In the entries below, find the line with "中老年女裝棉服外套點(diǎ" and the line with "Anna-Kaci Women's Sequin". Reproduce those two lines and every line between them exactly, and nothing more.

(Records from a dataset)
+ + + + + + +

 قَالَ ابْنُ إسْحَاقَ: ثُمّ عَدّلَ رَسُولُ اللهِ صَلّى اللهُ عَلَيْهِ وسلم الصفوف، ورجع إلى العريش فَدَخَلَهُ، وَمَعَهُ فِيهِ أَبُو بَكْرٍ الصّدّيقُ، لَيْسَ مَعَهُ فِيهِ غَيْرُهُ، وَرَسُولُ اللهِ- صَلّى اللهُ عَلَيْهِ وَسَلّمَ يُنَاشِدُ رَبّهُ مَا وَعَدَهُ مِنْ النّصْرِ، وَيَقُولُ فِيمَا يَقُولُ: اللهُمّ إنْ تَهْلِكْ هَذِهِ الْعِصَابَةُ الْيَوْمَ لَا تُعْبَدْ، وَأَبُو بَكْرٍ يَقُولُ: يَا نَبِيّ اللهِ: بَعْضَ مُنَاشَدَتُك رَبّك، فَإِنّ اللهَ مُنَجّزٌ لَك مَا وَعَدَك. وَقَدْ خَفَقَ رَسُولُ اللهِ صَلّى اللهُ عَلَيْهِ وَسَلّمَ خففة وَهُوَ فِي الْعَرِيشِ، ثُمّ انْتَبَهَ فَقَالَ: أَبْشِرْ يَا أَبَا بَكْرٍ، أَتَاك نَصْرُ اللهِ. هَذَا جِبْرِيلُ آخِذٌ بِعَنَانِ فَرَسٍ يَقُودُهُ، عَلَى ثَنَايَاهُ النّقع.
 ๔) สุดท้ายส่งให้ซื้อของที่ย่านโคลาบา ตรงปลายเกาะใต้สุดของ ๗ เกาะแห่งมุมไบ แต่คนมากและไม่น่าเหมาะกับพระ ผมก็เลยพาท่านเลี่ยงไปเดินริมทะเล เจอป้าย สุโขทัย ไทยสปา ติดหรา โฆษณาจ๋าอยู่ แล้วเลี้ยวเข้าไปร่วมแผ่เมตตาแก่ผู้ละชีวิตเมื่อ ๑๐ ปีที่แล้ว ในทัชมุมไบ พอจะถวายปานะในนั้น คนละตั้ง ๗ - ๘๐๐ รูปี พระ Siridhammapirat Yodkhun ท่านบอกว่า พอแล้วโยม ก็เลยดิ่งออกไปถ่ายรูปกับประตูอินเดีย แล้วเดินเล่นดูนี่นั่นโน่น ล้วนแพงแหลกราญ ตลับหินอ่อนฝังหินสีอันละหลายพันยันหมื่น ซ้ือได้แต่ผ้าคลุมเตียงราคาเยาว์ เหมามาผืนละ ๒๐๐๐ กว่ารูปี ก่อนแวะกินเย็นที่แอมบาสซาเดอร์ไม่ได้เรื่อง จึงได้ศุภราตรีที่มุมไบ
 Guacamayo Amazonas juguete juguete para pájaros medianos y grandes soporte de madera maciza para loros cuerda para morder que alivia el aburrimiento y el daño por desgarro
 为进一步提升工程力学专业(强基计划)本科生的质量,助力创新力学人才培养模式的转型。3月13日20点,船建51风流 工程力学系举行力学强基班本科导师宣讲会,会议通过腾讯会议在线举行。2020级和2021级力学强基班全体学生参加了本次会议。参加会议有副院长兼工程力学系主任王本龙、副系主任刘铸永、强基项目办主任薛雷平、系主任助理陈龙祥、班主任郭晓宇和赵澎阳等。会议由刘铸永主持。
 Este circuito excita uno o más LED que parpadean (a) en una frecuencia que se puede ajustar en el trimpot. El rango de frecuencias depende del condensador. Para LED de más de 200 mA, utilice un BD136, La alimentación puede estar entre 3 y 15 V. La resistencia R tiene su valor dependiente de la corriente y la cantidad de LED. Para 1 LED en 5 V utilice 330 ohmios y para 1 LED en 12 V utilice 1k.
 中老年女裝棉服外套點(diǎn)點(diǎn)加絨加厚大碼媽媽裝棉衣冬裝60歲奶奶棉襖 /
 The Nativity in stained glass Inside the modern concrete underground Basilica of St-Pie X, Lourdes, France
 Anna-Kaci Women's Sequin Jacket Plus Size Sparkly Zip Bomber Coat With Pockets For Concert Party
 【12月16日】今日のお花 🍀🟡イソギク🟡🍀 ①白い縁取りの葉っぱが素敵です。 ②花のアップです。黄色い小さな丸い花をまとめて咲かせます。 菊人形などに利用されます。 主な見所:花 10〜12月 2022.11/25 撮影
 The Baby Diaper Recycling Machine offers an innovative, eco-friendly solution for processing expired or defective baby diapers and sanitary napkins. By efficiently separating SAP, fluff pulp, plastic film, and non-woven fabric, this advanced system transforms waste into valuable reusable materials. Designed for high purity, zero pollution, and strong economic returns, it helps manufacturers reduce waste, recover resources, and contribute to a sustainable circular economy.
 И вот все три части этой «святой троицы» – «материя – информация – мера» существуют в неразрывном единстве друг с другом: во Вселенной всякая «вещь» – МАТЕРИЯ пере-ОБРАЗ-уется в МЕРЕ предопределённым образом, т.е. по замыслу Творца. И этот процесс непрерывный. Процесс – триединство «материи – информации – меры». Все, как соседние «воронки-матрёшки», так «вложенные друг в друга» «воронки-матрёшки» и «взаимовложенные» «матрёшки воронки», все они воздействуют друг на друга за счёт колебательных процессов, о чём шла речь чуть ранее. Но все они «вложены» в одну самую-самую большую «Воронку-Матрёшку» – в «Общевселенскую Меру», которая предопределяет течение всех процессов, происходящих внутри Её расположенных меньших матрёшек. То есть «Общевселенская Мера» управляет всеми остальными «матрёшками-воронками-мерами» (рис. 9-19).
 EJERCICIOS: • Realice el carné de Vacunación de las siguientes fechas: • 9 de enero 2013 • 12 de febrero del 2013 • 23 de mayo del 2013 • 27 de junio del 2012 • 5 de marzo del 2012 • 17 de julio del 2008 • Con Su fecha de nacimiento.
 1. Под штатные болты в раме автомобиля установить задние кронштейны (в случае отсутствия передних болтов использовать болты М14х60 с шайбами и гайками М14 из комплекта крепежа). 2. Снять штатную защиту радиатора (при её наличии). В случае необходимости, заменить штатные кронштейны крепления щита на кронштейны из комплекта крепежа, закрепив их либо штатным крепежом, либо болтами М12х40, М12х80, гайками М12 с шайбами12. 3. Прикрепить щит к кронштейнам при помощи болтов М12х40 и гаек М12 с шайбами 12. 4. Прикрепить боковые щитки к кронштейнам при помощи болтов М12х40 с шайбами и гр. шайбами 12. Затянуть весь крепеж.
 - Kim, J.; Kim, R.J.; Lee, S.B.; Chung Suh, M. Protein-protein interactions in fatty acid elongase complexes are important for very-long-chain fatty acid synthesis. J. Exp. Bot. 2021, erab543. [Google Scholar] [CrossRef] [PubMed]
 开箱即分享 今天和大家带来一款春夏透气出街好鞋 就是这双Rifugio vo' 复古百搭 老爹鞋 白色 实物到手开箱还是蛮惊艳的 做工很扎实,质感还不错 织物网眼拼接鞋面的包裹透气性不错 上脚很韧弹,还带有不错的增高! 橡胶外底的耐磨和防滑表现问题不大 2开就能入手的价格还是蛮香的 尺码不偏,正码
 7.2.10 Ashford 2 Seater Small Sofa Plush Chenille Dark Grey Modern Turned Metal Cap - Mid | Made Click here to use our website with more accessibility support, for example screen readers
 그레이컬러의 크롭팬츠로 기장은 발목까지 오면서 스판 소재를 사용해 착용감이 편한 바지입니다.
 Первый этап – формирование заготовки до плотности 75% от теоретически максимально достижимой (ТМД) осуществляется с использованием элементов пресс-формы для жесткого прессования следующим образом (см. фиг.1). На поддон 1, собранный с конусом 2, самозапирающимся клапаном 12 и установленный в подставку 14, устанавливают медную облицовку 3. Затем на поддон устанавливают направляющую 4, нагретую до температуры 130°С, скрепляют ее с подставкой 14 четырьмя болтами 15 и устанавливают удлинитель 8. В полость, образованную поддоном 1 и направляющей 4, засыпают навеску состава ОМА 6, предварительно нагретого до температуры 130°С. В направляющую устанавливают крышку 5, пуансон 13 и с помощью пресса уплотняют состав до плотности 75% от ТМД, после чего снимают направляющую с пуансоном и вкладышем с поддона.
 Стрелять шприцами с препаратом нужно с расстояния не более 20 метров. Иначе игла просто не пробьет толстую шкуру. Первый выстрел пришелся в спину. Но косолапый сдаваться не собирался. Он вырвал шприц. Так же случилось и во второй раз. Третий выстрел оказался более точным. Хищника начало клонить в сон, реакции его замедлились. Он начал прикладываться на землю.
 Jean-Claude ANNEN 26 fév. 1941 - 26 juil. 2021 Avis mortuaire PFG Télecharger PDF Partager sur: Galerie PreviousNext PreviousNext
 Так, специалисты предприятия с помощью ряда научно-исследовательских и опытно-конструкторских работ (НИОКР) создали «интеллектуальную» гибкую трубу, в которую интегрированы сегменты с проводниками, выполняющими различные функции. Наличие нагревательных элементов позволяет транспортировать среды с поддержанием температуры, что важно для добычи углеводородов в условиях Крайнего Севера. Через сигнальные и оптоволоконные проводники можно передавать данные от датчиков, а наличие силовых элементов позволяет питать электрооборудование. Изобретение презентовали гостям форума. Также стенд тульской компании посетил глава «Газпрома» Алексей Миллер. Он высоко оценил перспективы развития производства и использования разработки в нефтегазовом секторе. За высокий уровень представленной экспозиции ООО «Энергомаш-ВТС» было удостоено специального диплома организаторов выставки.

+ + + + + + +

§ **TASK RESULT**
 中老年女裝棉服外套點(diǎn)點(diǎn)加絨加厚大碼媽媽裝棉衣冬裝60歲奶奶棉襖 /
 The Nativity in stained glass Inside the modern concrete underground Basilica of St-Pie X, Lourdes, France
 Anna-Kaci Women's Sequin Jacket Plus Size Sparkly Zip Bomber Coat With Pockets For Concert Party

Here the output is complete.